Thanks for reply. To clarify a bit more, when I first went to HR and told them I was very unhappy all I said was that I felt I was being discriminated against. They asked me to name the person, I said I didn't want to do this, so the HR manager said the persons name to me and I confirmed it was him. She said it wasn't the first time these allegations had been made. But I said I didn't want to take it any further and just requested a transfer to another section, which I got but only for 6 weeks, when I was told I had to move to another branch 30 miles away.  When I said I couldn't do this, on medical grounds, I was sent for a medical and the GP confirmed that I wasn't up to travelling at that point in time. 

I then had to attend a disciplinary for refusing to travel (as it was part of my contract that I had to travel to any branch office as requested). I had the support of the Union at the disciplinary and the letters from the company GP and my own GP. However, after the disciplinary, I received a letter saying I could keep my job on condition that I transferred. The organisation and Union were fully aware of the bullying situation at this stage. They were also aware that I had suffered a nervous breakdown as a result of the bullying.

I resigned on the basis that I couldn't travel and was therefore in breach of my contract.  I don't believe HR wanted to deal with my allegations of bullying at the time and wanted to protect the manager concerned. However, now that the manager is on paid leave for the same allegations against another member of staff, maybe they would listen to my case with more respect.  

Of course, I am not sure that I want to re-open the whole issue, but my health was seriously affected as a result, and I suffered a big loss of earnings for a year.  Thankfully, I am stronger now and my question is whether to look for redress legally.  I know this is a decision that I have to make myself, but I am just looking for advice - I am not interested in financial gain/compensation per se, rather for recognition of what I was put through and the totally dismissive way in which I was treated by the organisation.


----------



## PaddyBloggit (22 Nov 2008)

*Re: Bullied at work - do I have a case?*

In relation to schools we have what's called an 'Anti-Bullying Policy' in relation to workers within the school (as distinct from the Anti-Bullying Policy dealing with pupils).

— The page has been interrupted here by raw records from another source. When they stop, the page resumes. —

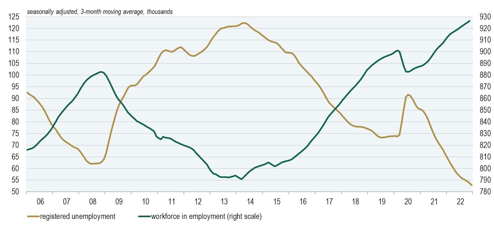 In the domestic economy the export sector faced a difficult external environment. The energy and manufacturing sectors in particular faced uncertainties in the international environment and strong cost pressures. Domestic demand remained solid according to our assessments, and the economic sentiment improved in the total economy. The nowcasts suggest quarterly GDP growth of 0.1%, which given the quarterly figures as currently released would entail annual GDP growth of 4.7% in 2022.
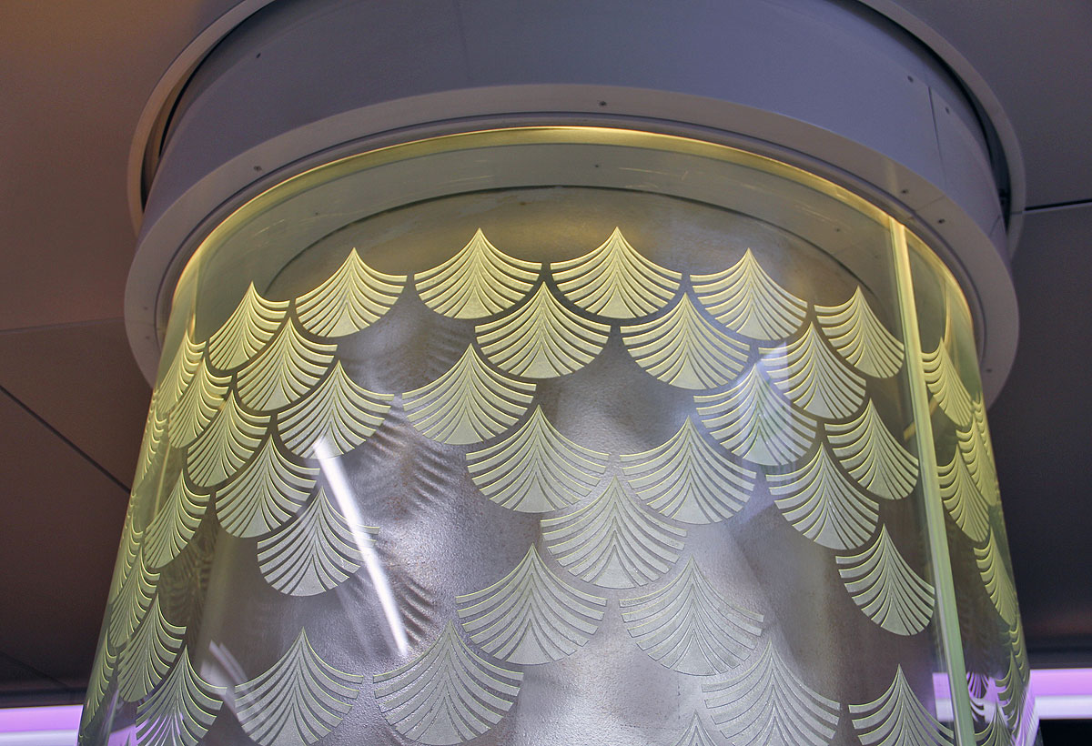 ←デザイン柱は,中心に銀箔を施した柱があり,それを覆うガラス面には「沈銀」という技術で中区の木「イチョウ」をデザイン |
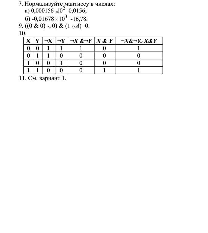 7. Нормализуйте мантиссу в числах:
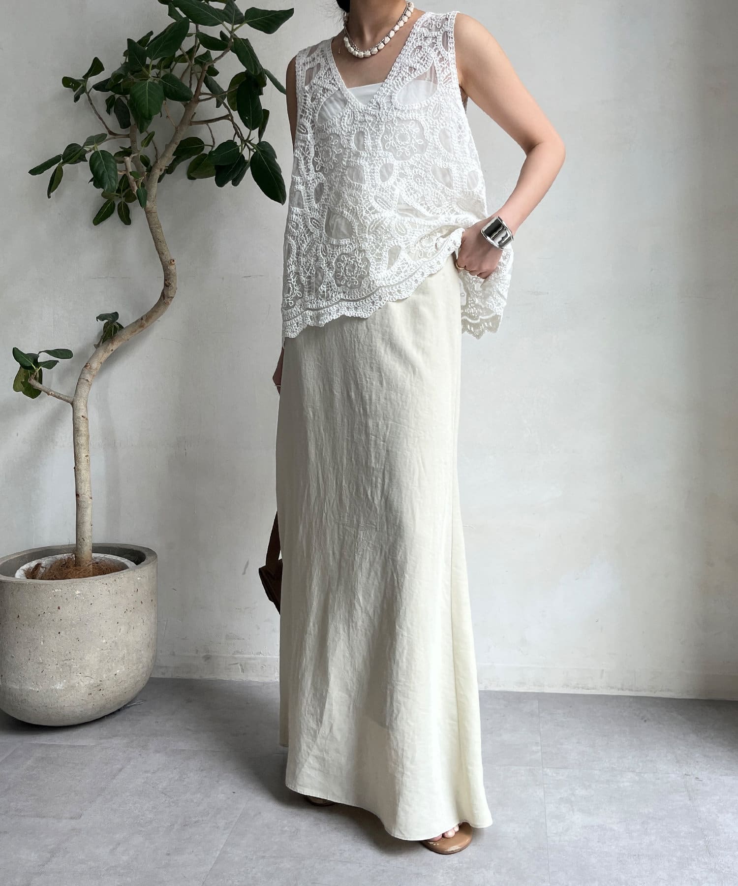 カジュアルなパンツや、レディライクなマーメイドスカートまで幅広く着こなしていただけますよ。
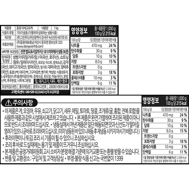 동원 야채고로케(30g/개 1Kg/EA)
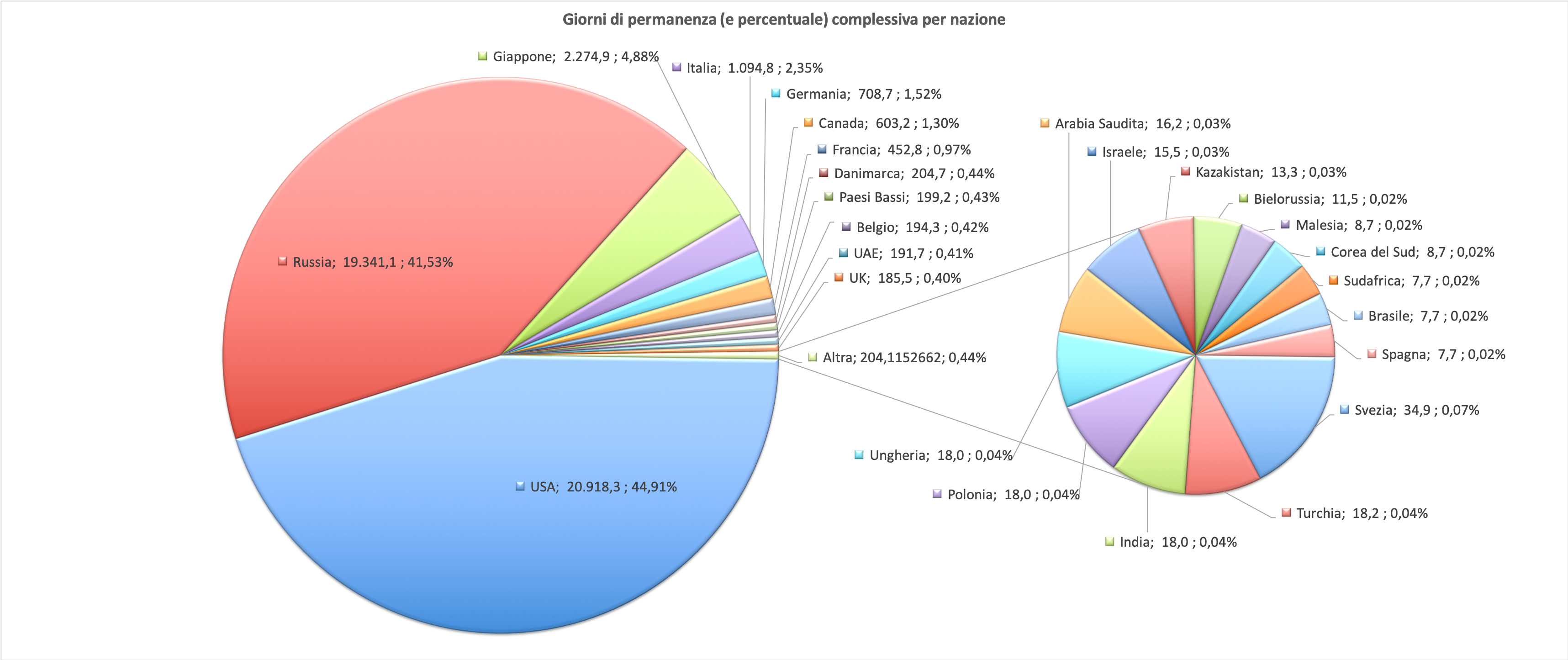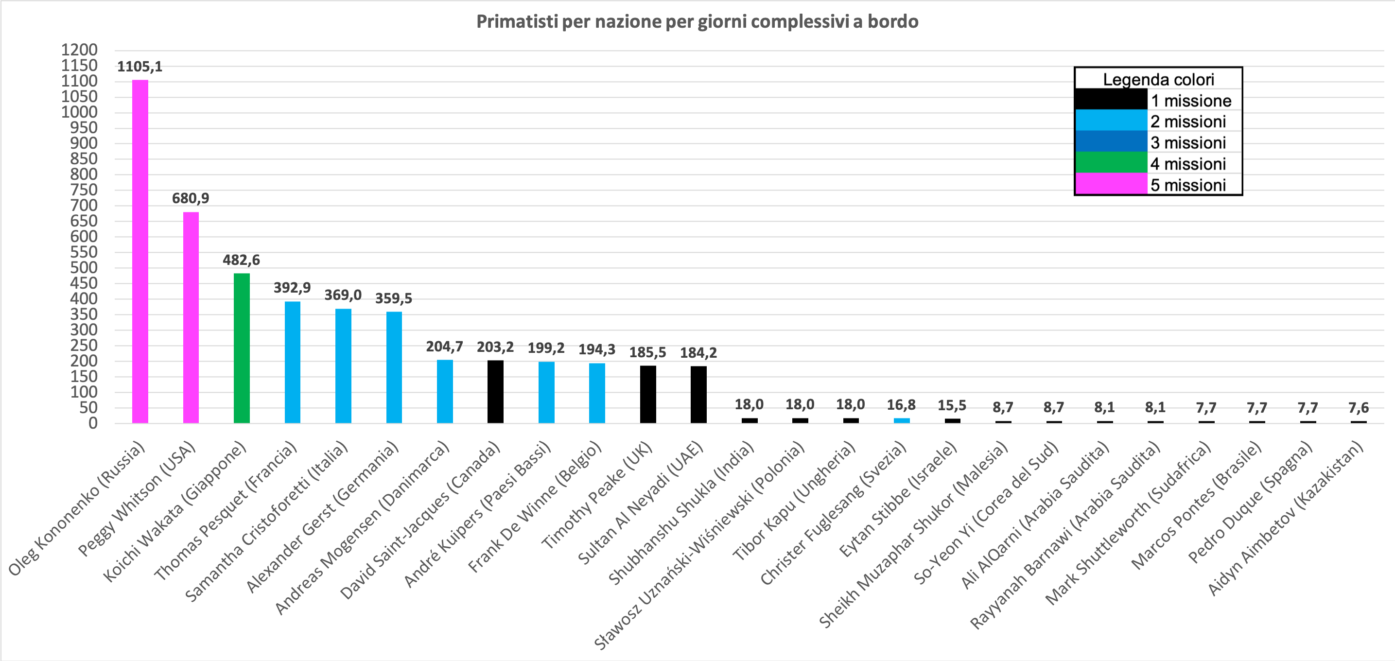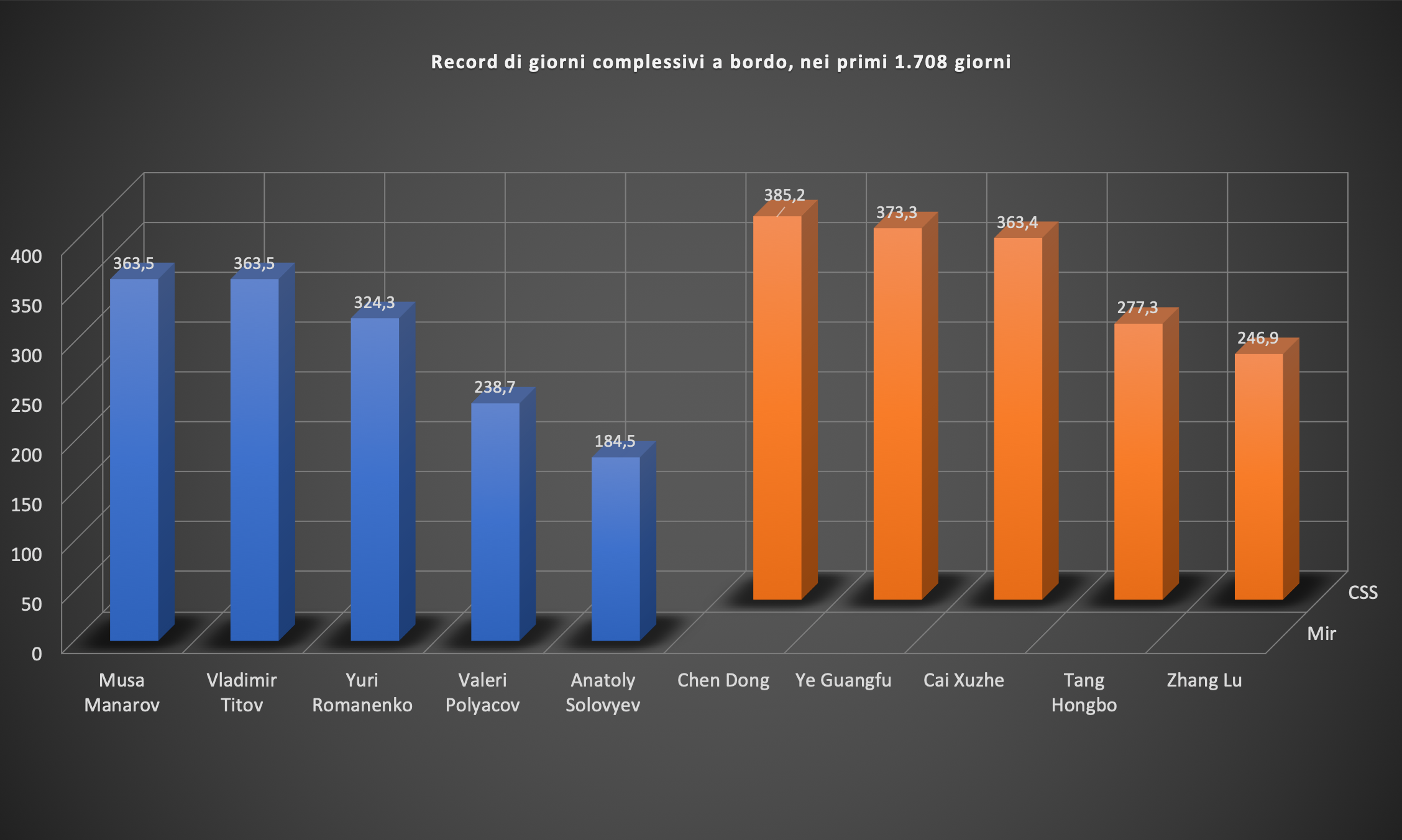 Terminiamo questo confronto dando un’occhiata a chi ha passato più tempo sulle rispettive Stazioni orbitanti. Come si vede, la Cina si è decisamente lanciata nelle permanenze prolungate dei suoi astronauti, che hanno superato quanto fatto sulla Mir nei primi 1.708 giorni.

It states exactly what steps need to be taken in respect of a complaint.

Was such a policy in place?

Just a further thought ..... if the HR Manager asked you about pursuing it at the time and you said you didn't want to, the company can argue that they dealt with it at the time and that the matter had been closed because you didn't want to pursue a complaint. Would your conversation with the HR Manager have been recorded?


----------



## Rois (22 Nov 2008)

*Re: Bullied at work - do I have a case?*

Yes Paddy they did have an anti-bullying (or similar) policy but I don't have any details of this, nor did I ask to pursue it at the time. I was happy just to move to another section.  However, HR called the manager in question to a meeting after my request and asked him if there was a culture of bullying in my section.  He denied this. But following that meeting he called me into his office, left the door open and within earshot of everyone else in the section went mad with me for going to HR behind his back.


----------



## ajapale (23 Nov 2008)

*Re: Bullied at work - do I have a case?*

Moved from  Askaboutlaw to  Work, Careers


----------



## Rois (23 Nov 2008)

*Re: Bullied at work - do I have a case?*



ajapale said:


> Moved from Askaboutlaw to Work, Careers


 
May I ask why this has been moved to a different thread when what I really want is legal advice and not career advice?


----------



## Rois (23 Nov 2008)

*Re: Bullied at work - do I have a case?*



PaddyBloggit said:


> Just a further thought ..... if the HR Manager asked you about pursuing it at the time and you said you didn't want to, the company can argue that they dealt with it at the time and that the matter had been closed because you didn't want to pursue a complaint. Would your conversation with the HR Manager have been recorded?


 
No my initial conversation with HR was not recorded - it was an informal chat. I didn't want to pursue the issue as I still had to work with that manager and they told me that it could take weeks or months before I could be moved to another section - if at all.  I was also just on a temporary contract and fearful of losing my job at the time.  Looking back now I should have taken a different approach, but I was not thinking straight at the time as was in the middle of a nervous breakdown and practically suicidal.  However, in later meetings with HR prior to and during the disciplinary, they were made fully aware of the situation.


----------



## Susanna (23 Nov 2008)

*Re: Bullied at work - do I have a case?*

Looking at the times of your 2 posts above ,it looks like you are not sleeping properly.....maybe over all of this. I think you should move on and don't let this episode, waste another minute of your life. I hope you have found  a better place to work. Best Wishes.


----------



## Rois (23 Nov 2008)

*Re: Bullied at work - do I have a case?*

Thanks Susanna. I am frequently up late or very early, but that's due to the fact that I now have 5 part-time jobs, some of which involve shift work as well as working from home on my own internet business where I have to deal with contacts in China and the time difference etc.  I am not losing sleep over this matter now (though I did at the time).  I am inclined to agree with you that I should just forget about the whole episode, which, to be honest, I had done until I read in the paper that the manager was suspended for the same thing again .. and of course that brought it all back to me, and maybe there's a desire for revenge or some kind of acknowledgment from the organisation for the poor way, I believe, they dealt with my complaint at the time.  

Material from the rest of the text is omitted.